I worked with an awesome associate on a $2b live deal. She was an associate 2/3 and did a lot of work. She was staffed with me (an intern at the time), two first-year analysts, and another associate. Basically, she took care of all parts of the IM she knew were very important and would be difficult for the rest of us to get right. She did a lot of checking too, but we also had a VP who was pretty hands-on and reviewed everything in detail. She did this while being on 3-4 other deals and she managed to be out of the office at 8-10pm every day. Extremely talented. I wish all associates were like her. 

 

The comments are largely true, but something that’s not talked about is the KPI differences between analysts and associates.
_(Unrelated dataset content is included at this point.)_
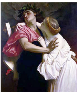
Frederic Leighton, Orfeo y Euridice (1864).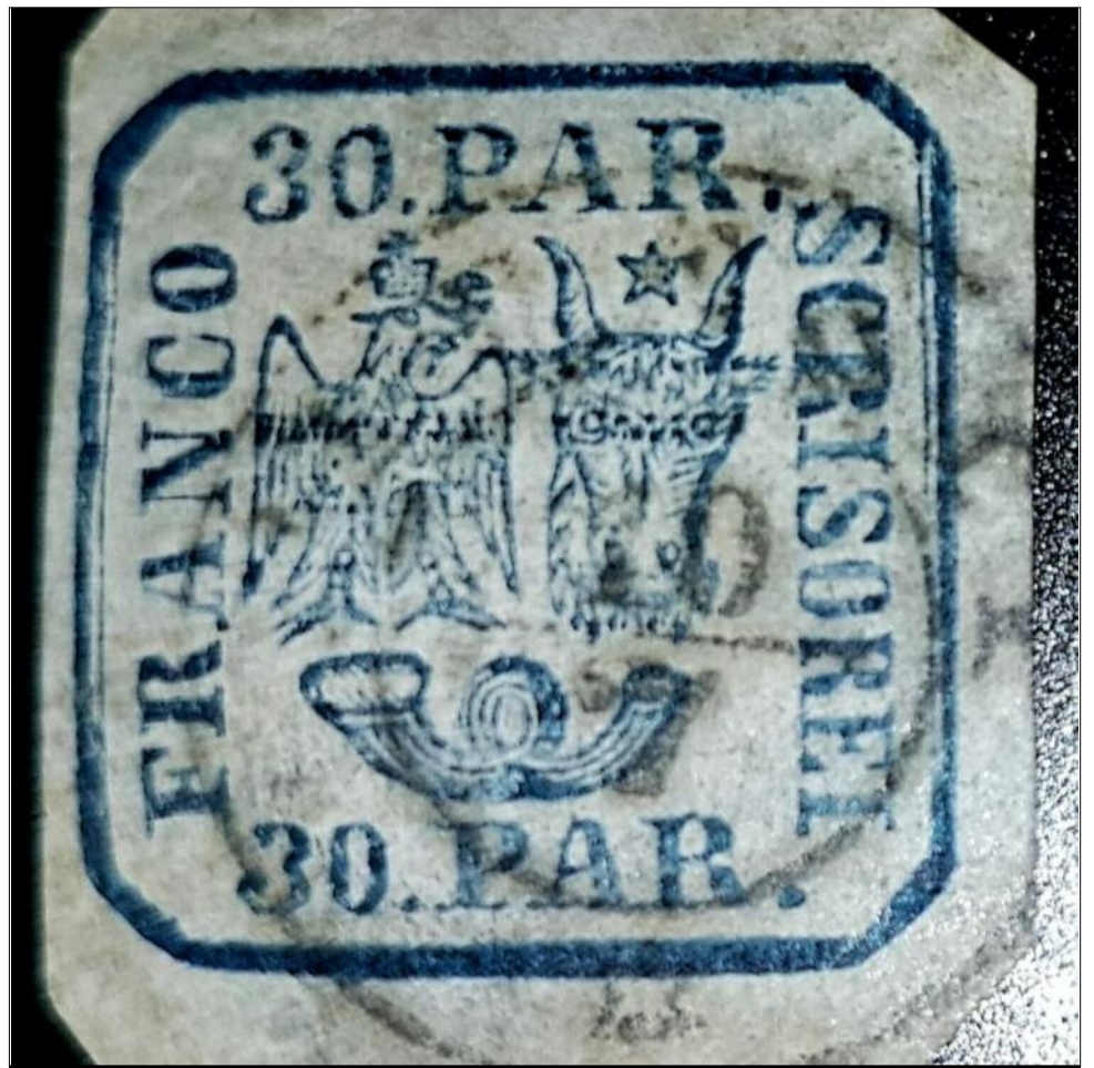
Prima marcă poștală circulantă pe teritoriul Principatelor Române. 30 par 1862. Ștampilă Pitești.

I tried to do as much as I could myself for the first 6 months-1 year (which paid huge dividends later on). However, I started delegating more as time went on, especially after a new class joined. My overall work product improved significantly, as I was able to spend the bulk of my time checking analyst work for errors and thinking about what to include in terms of industry commentary, etc. (NOT creating new pages, I hate associates who do that).
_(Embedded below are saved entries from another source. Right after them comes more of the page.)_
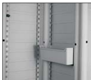
Laterales internos equipables con cubetas porta objetos.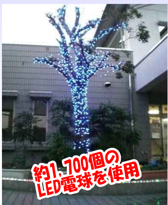
約1,700個のLED電球を使用

12月10日(金) 夜市公民館で「紙で作るクリスマスツリー」を開催。すまいるクラブと公民館の共催事業で約30名の参加者が力を合わせ、立派な紙のクリスマスツリーを作りました。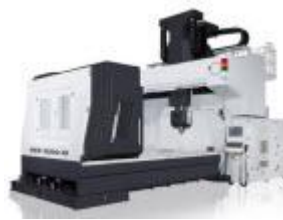
3- oder 5-Achsportal- oder Gantrymaschinen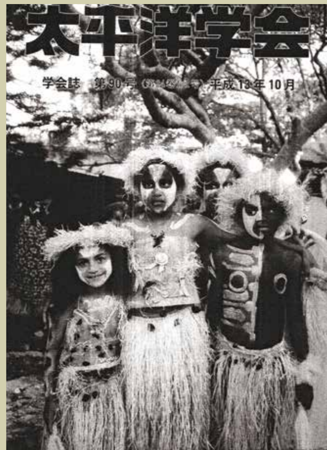
《太平洋學會誌》第90期封面：新喀里多尼亞樹島的孩子們（攝於第八屆太平洋藝術節）。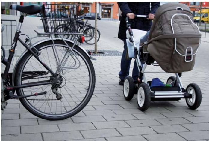
Auch für Kinderwagen ist die Engstelle an dem Fahrradständer ein Hindernis.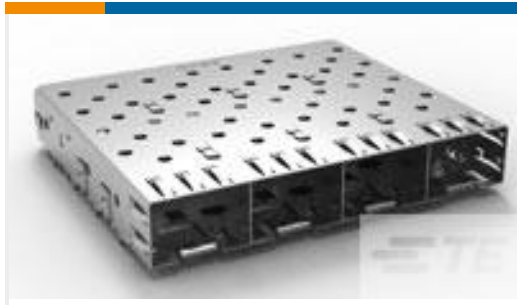
TE 产品编号2170285-1 SFP CAGE&PT ASSY PRESS FIT 1X4

The harsh truth is, seniors do not care who on the team is doing what, as long as the work quality is good. Associates should know how to do everything in the event of emergencies/jam jobs, but the high-performing associates I know are typically the ones who best leverage their analysts and spend their time doing VP-level work and managing the process. The ones who try to “act like analysts” often get burned because there’s no second layer of review to catch errors or deal with nuances.

If there’s something straightforward I’ve done a million times like benchmarking charts, comps, etc, you bet I’m giving it to the analyst. There’s a lot of other stuff that associates are expected to opine on as they get more experienced. Should we use XYZ as a comp, how to frame research/industry commentary, etc. Associates are often “graded” more on their performance on those kind of tasks, while producing good work product is a given.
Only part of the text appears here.